Du Bois Review: Social Science Research on Race



John T. Josta1 c1, Tessa V. Westa2 and Samuel D. Goslinga3

a1 Department of Psychology, New York University

a2 Department of Psychology, New York University

a3 Department of Psychology, University of Texas at Austin


We conducted a longitudinal study involving 734 college students over a three-month period that included the 2008 U.S. presidential election. The study investigated factors such as respondents' personality characteristics and ideological proclivities in predicting perceptions of the major candidates and both stability and change in voting preferences for Barack Obama and John McCain. Previous research on personality and political orientation suggests that Openness to New Experiences is positively associated with liberal political preferences, whereas Conscientiousness is positively associated with conservative preferences; we replicated these results in the context of the current study. Several ideological factors also predicted conversion to Obama's candidacy. These included respondents' degree of self-reported liberalism, perceptions of their parents as liberal (versus conservative), and lower scores on measures of authoritarianism and political system justification (i.e., support for the prevailing system of electoral politics and government). The effects of Openness and Conscientiousness on candidate preferences were statistically mediated by ideological variables, providing further evidence that general predispositions exist that link personality and political orientation, and these are likely to play a significant role in electoral politics.
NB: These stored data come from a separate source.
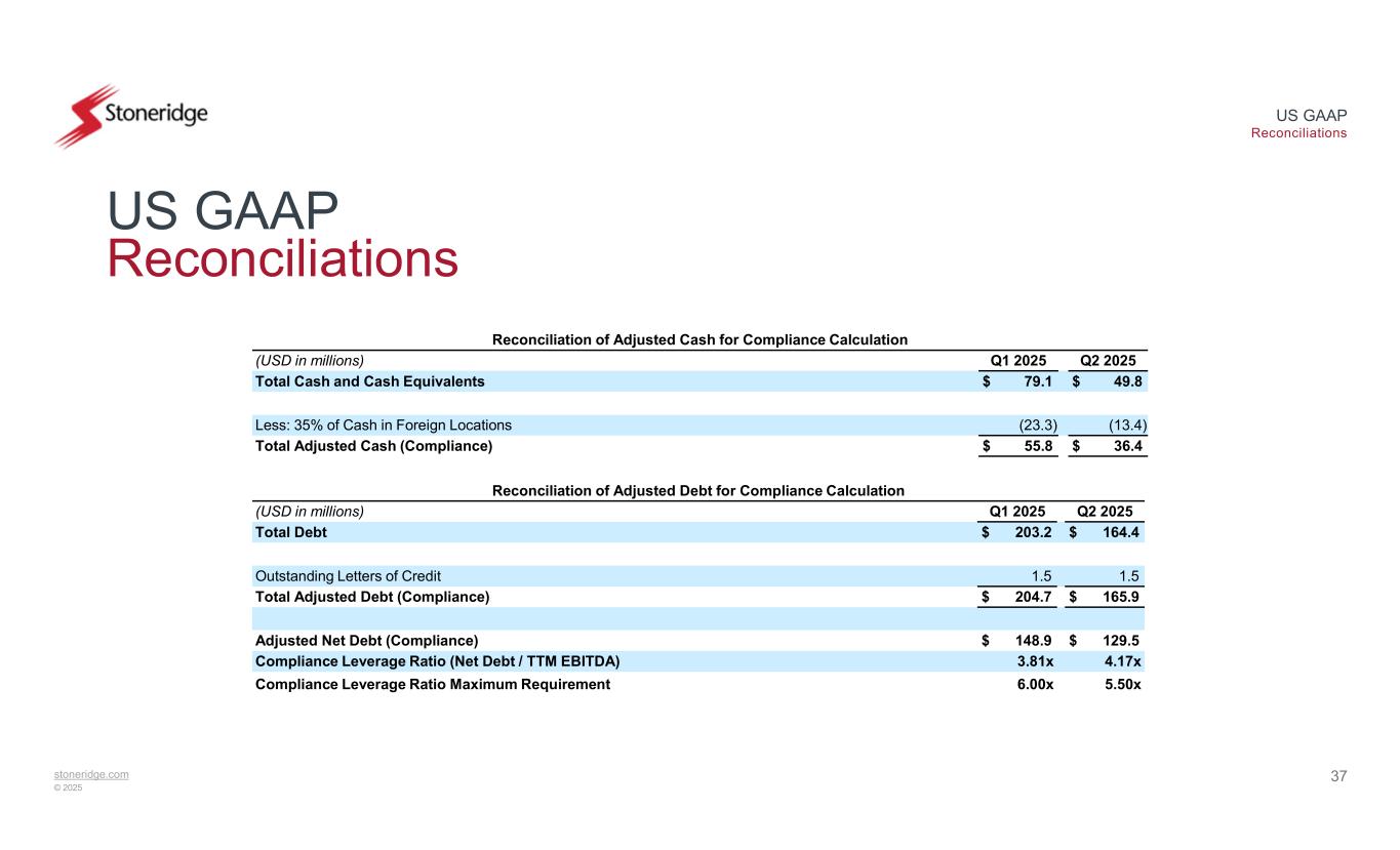 石匠网©2025年美国公认会计原则对账36美国公认会计原则对账调整后EBITDA用于合规计算Q2 2025Q1 2025Q4 2024Q3 2024Q2 2024(百万美元)$(9.1)$(5.6)$(6.2)$(3.7)$ 1.9税前收入(亏损)3.1 3.2 3.4 3.63.8利息支出,净额7.67.38.88.5折旧和摊销$ 1.6 $ 4.8 $ 5.5 $ 8.8 $ 14.2 EBITDA合规调整:0.1 — 0.4 ——加:非现金减值费用和注销或减记3.4(0.4)(1.8)(0.3)(2.4)加:外币影响的调整————加:非常、非经常性或不寻常项目0.5 1.6 0.3 0.7 0.5加:现金重组费用1.0 0.3 ——加:交易、修正费用和再融资(0.1)(0.3)0.2 0.8 0.1Add:调整Autotech Fund II投资5.67.36.4 1.37.1Add:权责发生制费用(4.3)(6.1)(2.8)(3.3)(3.7)减:现金支付权责发生制费用$ 7.7 $ 7.3 $ 8.2 $ 7.9 $ 15.8调整后EBITDA(合规)$ 31.1 $ 39.1调整后TTM EBITDA(合规)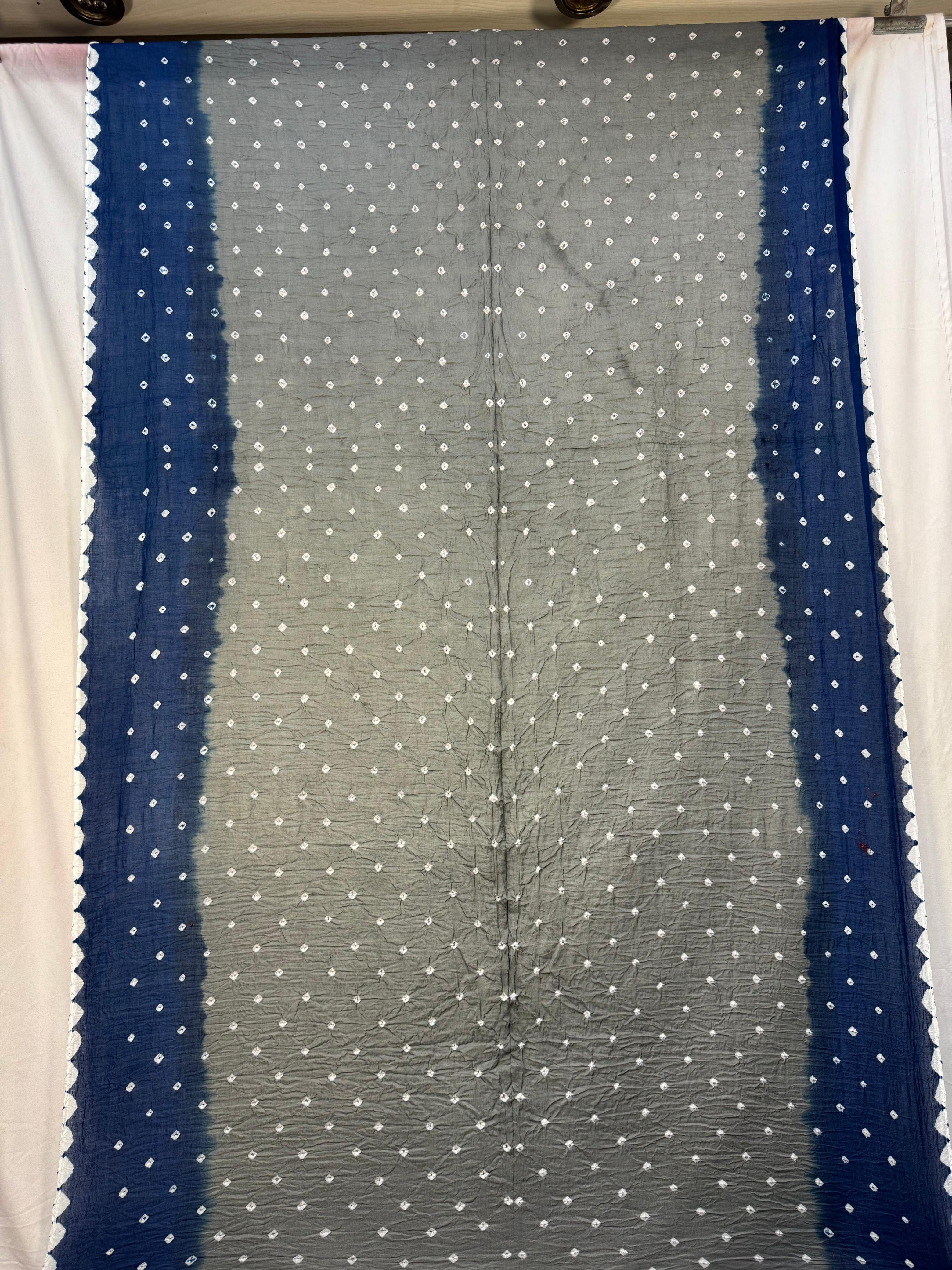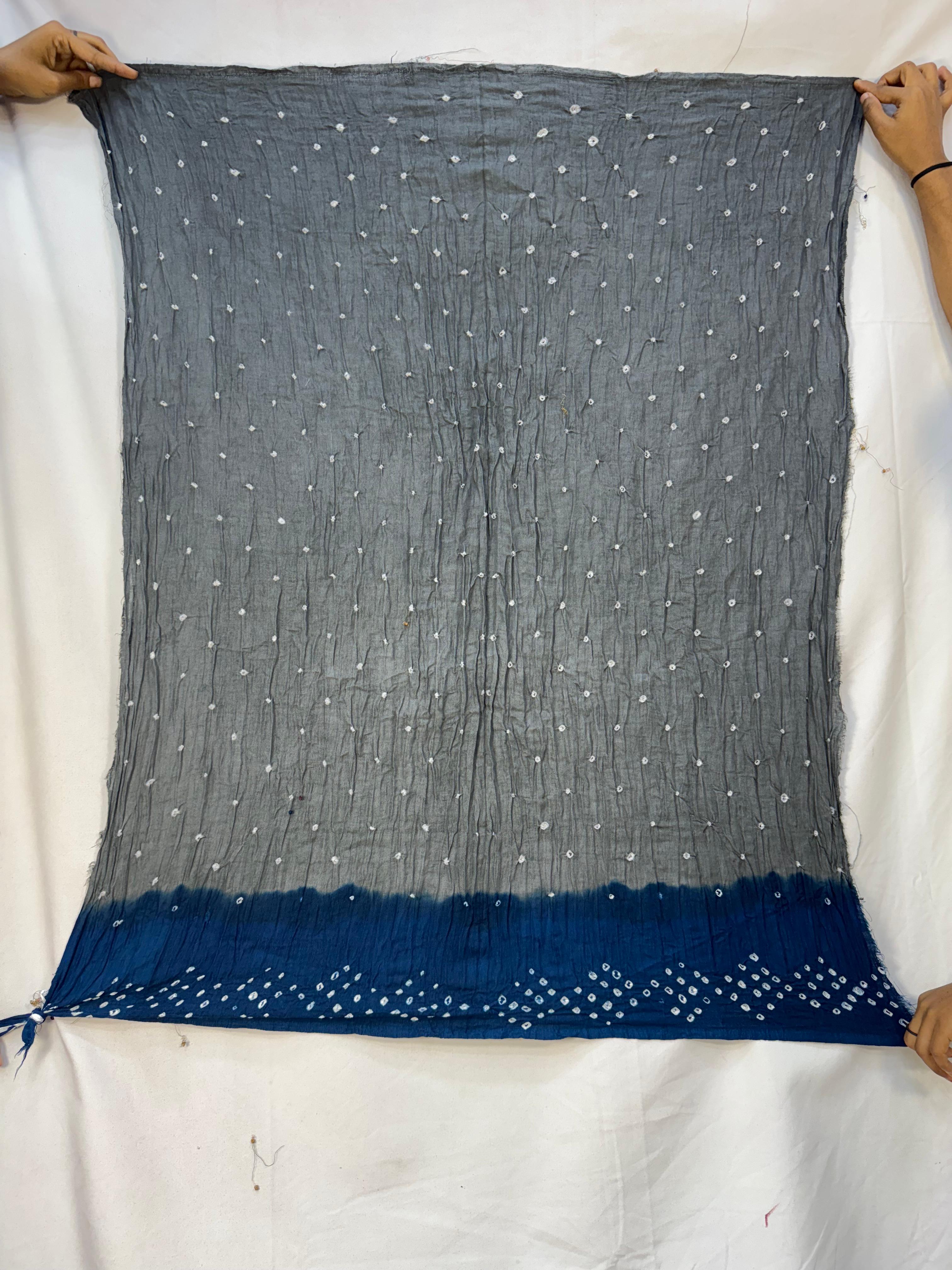 - Color & Work: Gray & Indigo design embellished with Hand Made Bandhani, highlighting artisanal craftsmanship.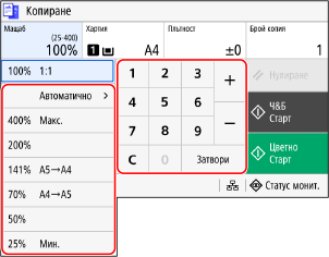 Мащабирането се задава автоматично според размера на хартията, използвана за копиране.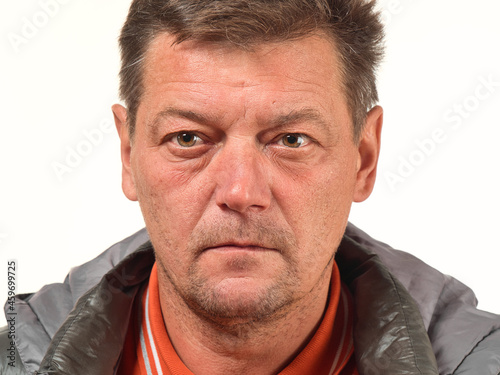 © makam1969, Fototapeta premium old not shaved man in glasses with facial expressions close-up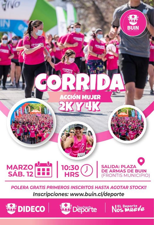 En el mes de la Mujer, te invitamos a participar en la próxima corrida Acción Mujer, organizada por la Municipalidad a través Dideco y su Departamento de Deporte. Te esperamos este sábado 12 de marzo, 10:30 hrs., en Plaza de Armas de Buin. Inscripciones en el siguiente link: www.buin.cl/deporte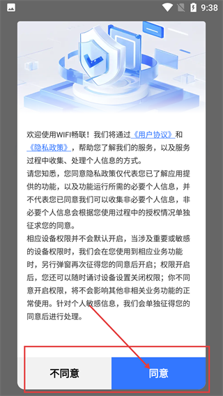 1、进入【WIFI畅联】应用后,需要先仔细阅读【用户协议】和【隐私政策】,在充分了解信息收集相关规则后,点击【同意】按钮方可进入应用。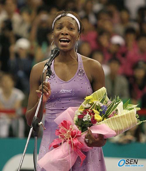 19일 오후 서울 올림픽공원 체조경기장 특설 코트에서 벌어진 세계 여자 테니스 랭킹 1위 마리아 샤라포바(러시아)와 7위 비너스 윌리엄스(미국)의 '현대카드 슈퍼매치' 는 윌리엄스의 2-0 완승으로 끝났다. 비너스가 승리 소감을 얘기하며 활짝 웃고 있다./올림픽공원 체조경기장=손용호 기자 spjj@osen.co.kr [Copyright ⓒ OSEN(www.osen.co.kr) 무단전재 및 재배포 금지]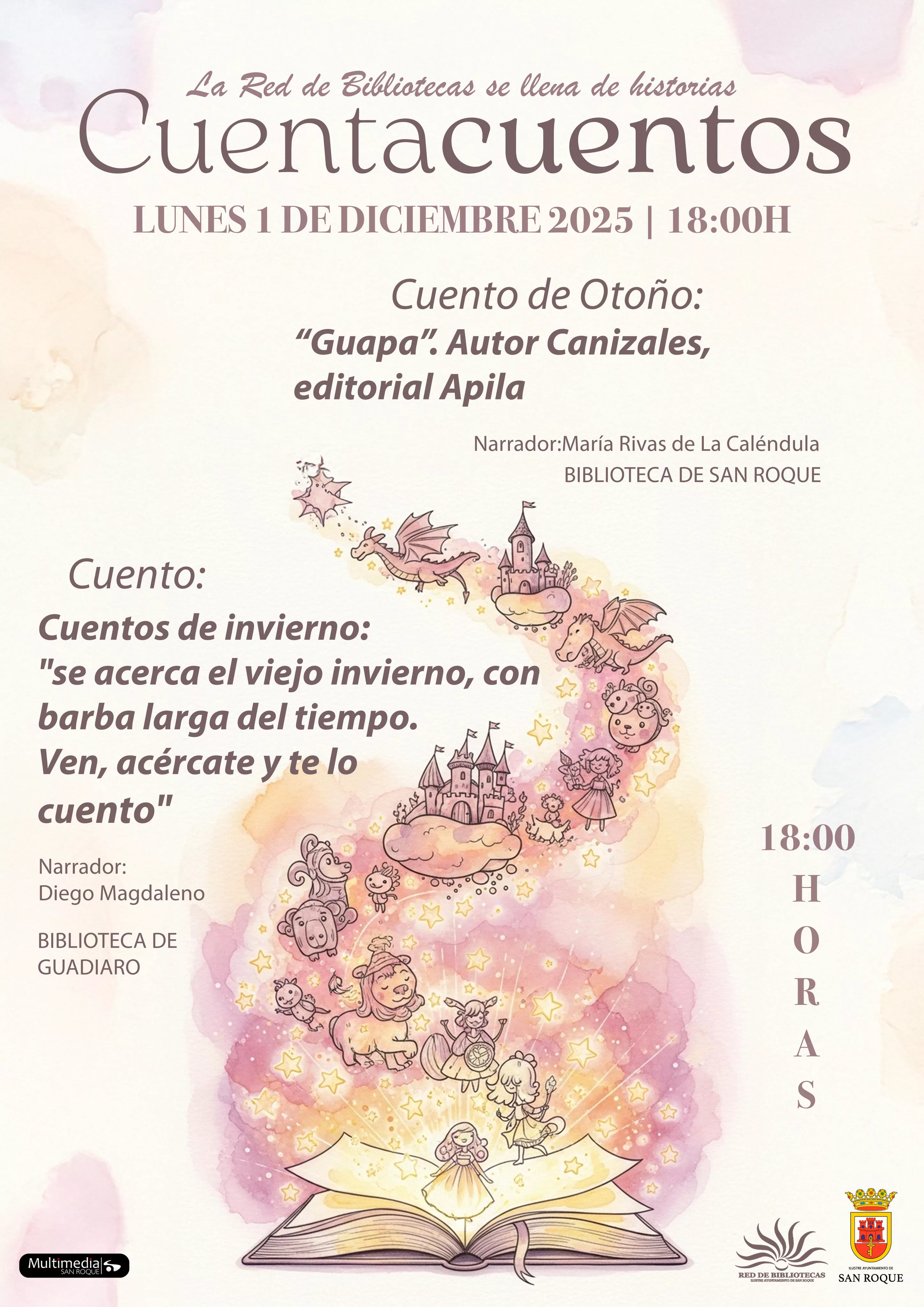 La Red de Bibliotecas de San Roque vuelve a apostar por la animación a la lectura con una nueva sesión del programa Cuentacuentos, que se celebrará el lunes 1 de diciembre de 2025 a las 18:00 horas. La actividad, dirigida a público infantil y familiar, tendrá lugar de forma simultánea en la Biblioteca de San Roque y en la Biblioteca de Guadiaro.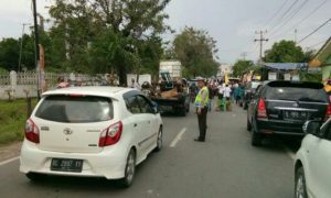 Kapolsek Katibung dan Anggota Kapos Pam Kawal Arus Mudik di Perbatasan Lam- Sel dan Bandar Lampung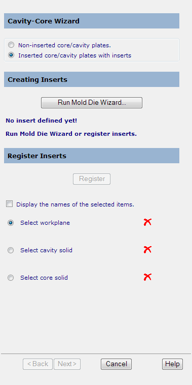 È possibile: registrare solidi come piastre punzone e matrice, o fare clic su Avanti per creare piastre non inserite utilizzando la procedura guidata.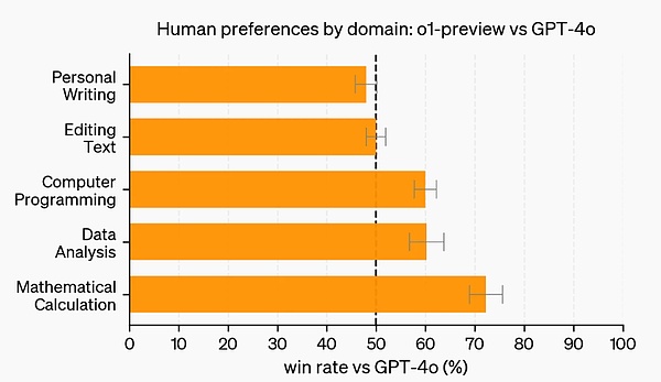 除了考试和学术基准之外,OpenAI 还在更多领域的具有挑战性的开放式提示上评估了人类对 o1-preview 和 GPT-4o 的偏好。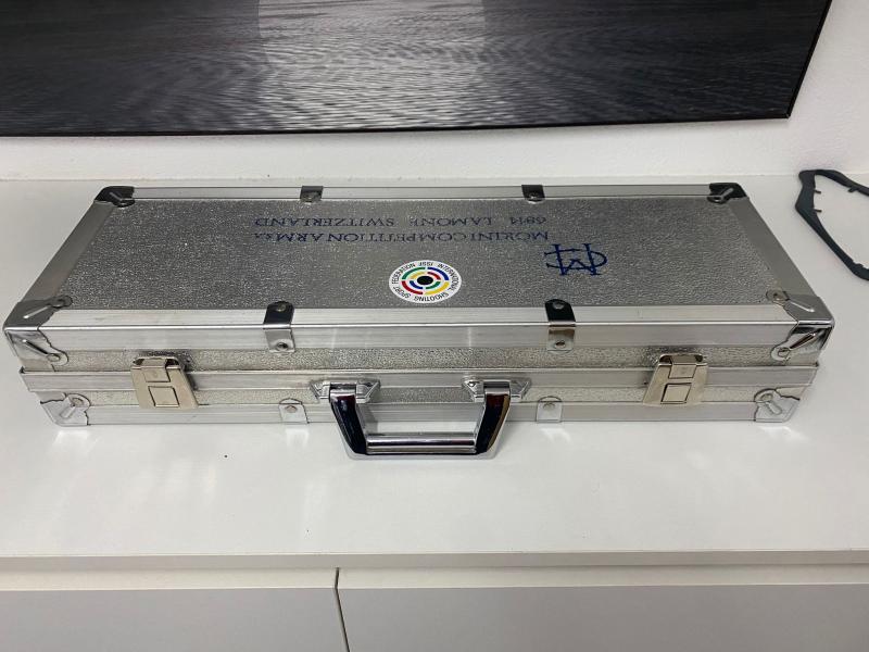 Incluyo freno de boca original y el largo de Morini, estuche de aluminio de Morini para poder llevar la pistola con el freno de boca largo instalado (también tengo el estuche de PVC original), juego de baquetas y feminelas para limpieza, destornilladores, pila en uso y otra nueva, telescopio (del Lidl 45-60/60 que llega justo pero hace su función a 50m.) con trípode.

Implications for the integration of “top-down” (institutional) and “bottom-up” (psychological) approaches to the study of political behavior are discussed.


  • Personality;
  • Ideology;
  • Authoritarianism;
  • System Justification;
  • Political Behavior


c1 Professor John T. Jost, Department of Psychology, New York University, 6 Washington Place, 5th Floor, New York, NY 10003. E-mail: john.jost@nyu.edu

John T. Jost is Professor of Social Psychology at New York University, where he has taught since 2003. He has also served on the faculties of the University of California at Santa Barbara and Stanford University. His research focuses on stereotyping, prejudice, social justice, political ideology, and system justification theory. He has published over seventy scientific articles and book chapters and has coedited four books, including Social and Psychological Bases of Ideology and System Justification (2009). He has received many professional awards and honors, including the Erik Erikson Award for Early Career Research Achievement in Political Psychology, the International Society for Self & Identity Early Career Award, the Society for Personality and Social Psychology Theoretical Innovation Prize, the Gordon Allport Intergroup Relations Prize (three times), and the Morton Deutsch Award for Distinguished Scholarly and Practical Contributions to Social Justice. His research has been covered widely in the media, including ABC News Nightline, Newsweek, Scientific American, Psychology Today, Rolling Stone, Mother Jones, and numerous national and international newspapers.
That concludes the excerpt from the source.